# DIY Sliding glass top



## Freedom (May 17, 2009)

There is an old (2007) thread out there on another forum, which explains how to make a sliding glass top for a tank. If anyone is considering this:

1. Lowe's is not going to be carrying the plastic molding much longer; it is on clearance at 57 cents for an 8 foot length.

2. The above mentioned thread is short the first and last number of the item number. The Lowe's item number for the outside corner tile molding is: 0-1141511635-4

It can be cut with a utility knife to the length you need, just score it over and over until you get through it.

Due to the missing figures, it took me 2 trips to Lowe's, with 2 trips to Home Depot in between, to figure out what the heck it is I'm supposed to purchase, lol.

I do plan to paint mine black to match the tank before I glue it in. Then, as I am not an accurate measure person, I will haul the tank to the glass store and let THEM do the measuring.

Just thought this may help someone out there.


----------



## Mikaila31 (Dec 18, 2008)

Yeah these make great DIY tops very cheap and IMO work better then the hinged tops.
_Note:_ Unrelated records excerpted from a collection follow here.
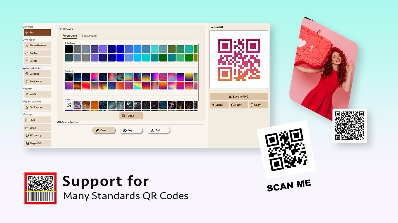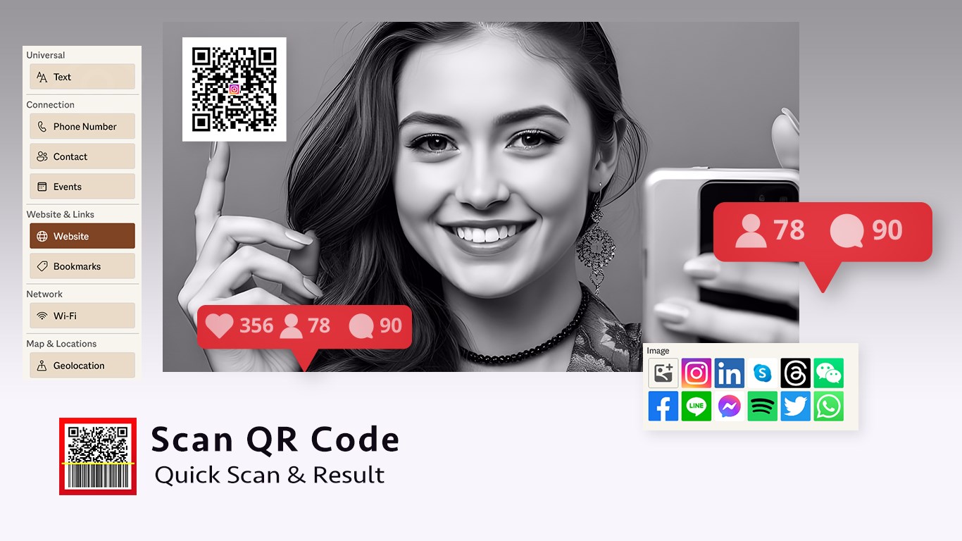 • Versatile QR Code Options: Encode everything from website links to WhatsApp messages, Skype calls, and beyond.
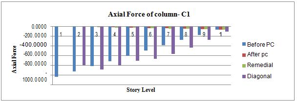 increasesconsiderablyaftercolumnstrengthlosssuddenlyitdoesnotleadtofailureofthemember,becausesectionsused havesufficientcapacitytoresistshearforceincreased.Ithasbeenobservedthatthereisno effectonshearforceofbeams forcolumnstrengthlossatdifferentlevel.Alsoweconcludedintheabovegraph4.1(d,e&f)thereIschangeinaxialforce and bending moment as inaxial force when weremoved the critical column there is drastic decrease in axial force at the criticalcolumnwhereasinothercolumnthereisincreaseinaxialforce.Whereasinbendingmomentcasethereisincrease inmomentinclockwisedirectionforalladjoinbeamsnearthecriticalcolumnlinearstaticanalysis.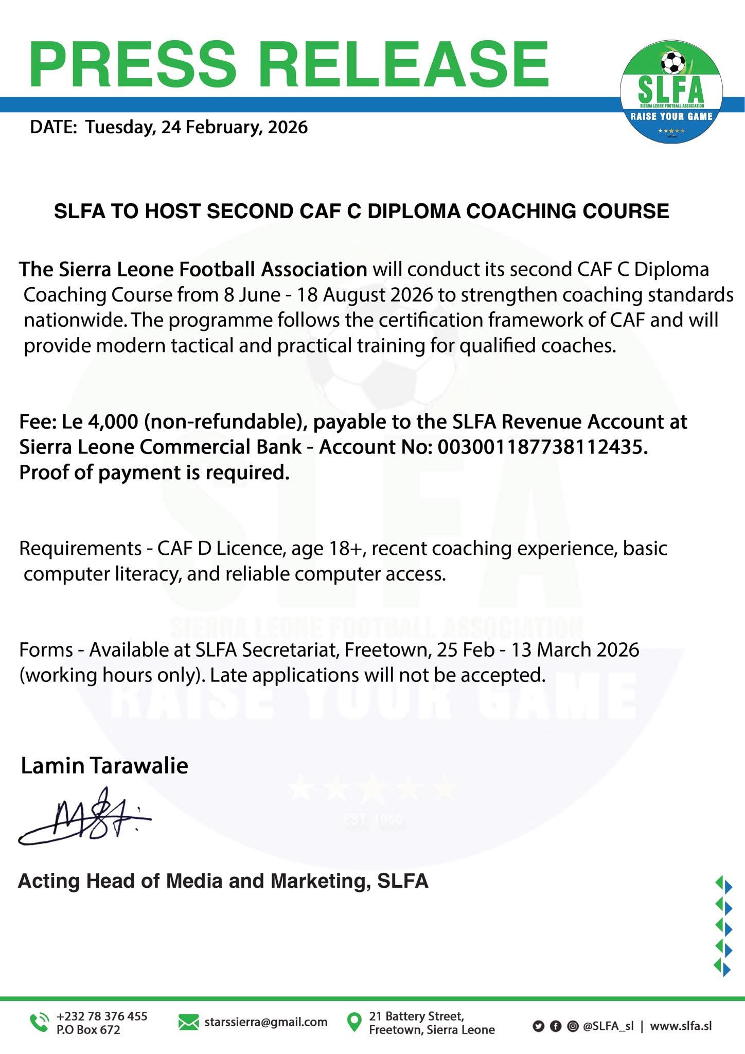 The Sierra Leone Football Association (SLFA) has announced that it will host its second CAF C Diploma Coaching Course from 8 June to 18 August 2026, aimed at strengthening football coaching standards across the country.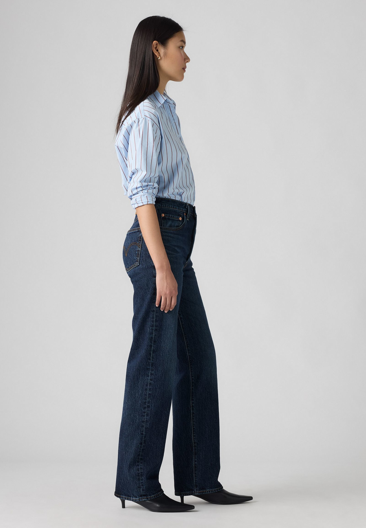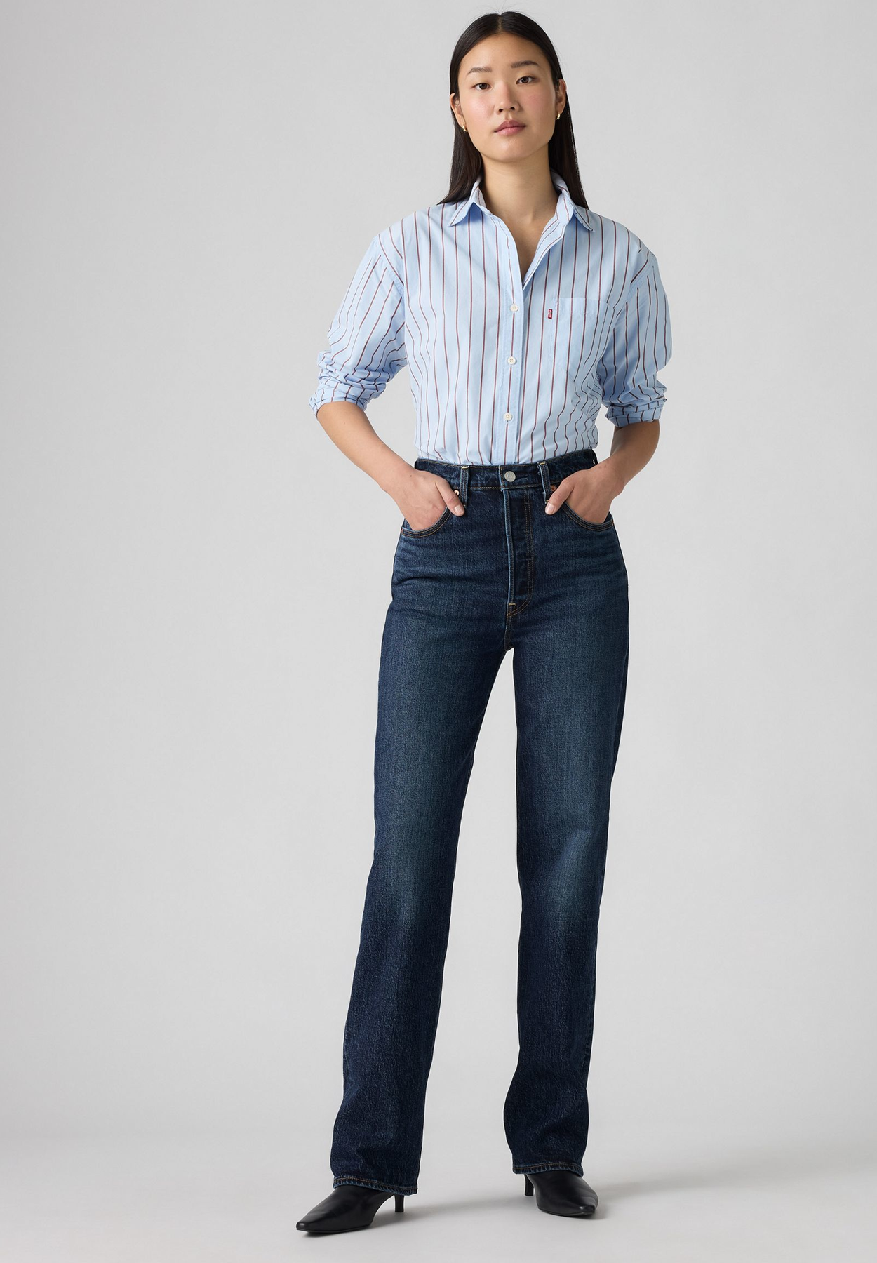 Ribcage Full-Length Jeans fra Levi's. Levi’s ikoniske Ribcage Jeans er tilbake i en ny, fullengdet versjon – og høyere enn noen gang. Med hele 30 cm høy midje fremhever denne modellen midjen og gir en flatterende, lang silhuett. Jeansen sitter tett over hoftene og faller rett fra låret og ned, noe som gir en klassisk og tidløs passform. Den dype indigovasken med lett slitasjeeffekt gir et sofistikert uttrykk som funker like godt til skjorte og boots som til en enkel tee.

I just took measurements they usually are good with cutting and you do have wiggle room, just subtract some for the space the trim takes up. If you have a HOB or something it can be a bit tricky but for airline and powercords there is a wide type of trim that you can attach and cut notches out of. I have some that have a corner cut out for clip on heaters and such which would work for filter intakes and out takes too. I also color my trim black with a sharpie usually. Since typically its white they do look silly and stand out on a black trim tank unless you turn them black. You could paint them or something but hey sharpies work and I'm lazy.


----------